Material provided –
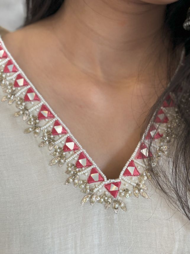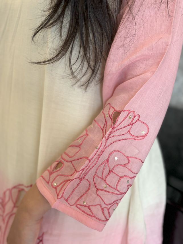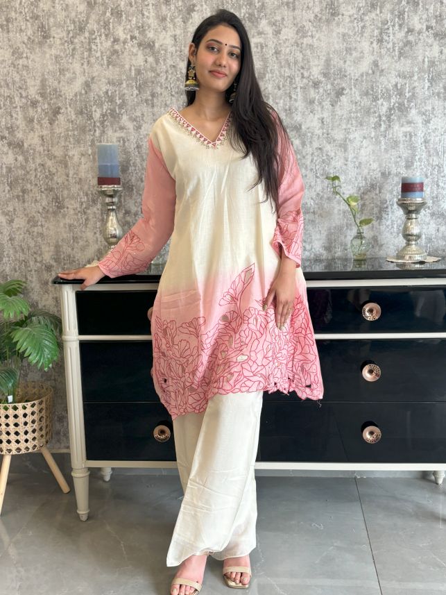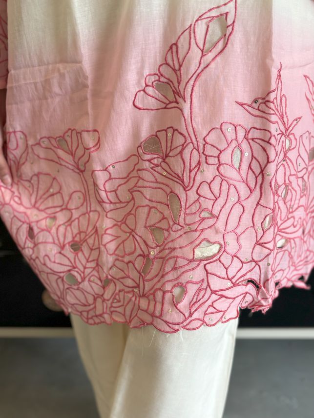 Pure Mul Chanderi Cut Work Hand Embroidered Co-ord Set in Off-White and Pink
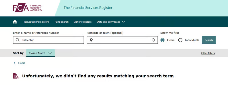 A search of the UK Financial Conduct Authority (FCA) register does not list BitSentry as an authorized or registered entity. Furthermore, the platform does not disclose any regulatory license numbers, supervisory authorities, or cross-border compliance statements on its website.
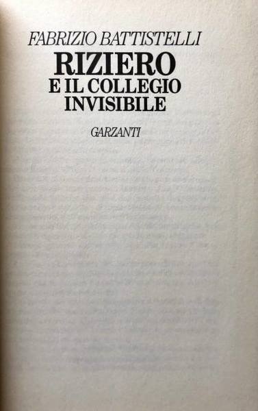 RIZIERO E IL COLLEGIO INVISIBILE | Libros antiguos y modernos | Fabrizio Battistelli

What you need to do – In your copy, include no pictures; print every line above exactly.

Answer to this task –
 Pure Mul Chanderi Cut Work Hand Embroidered Co-ord Set in Off-White and Pink
 A search of the UK Financial Conduct Authority (FCA) register does not list BitSentry as an authorized or registered entity. Furthermore, the platform does not disclose any regulatory license numbers, supervisory authorities, or cross-border compliance statements on its website.
 RIZIERO E IL COLLEGIO INVISIBILE | Libros antiguos y modernos | Fabrizio Battistelli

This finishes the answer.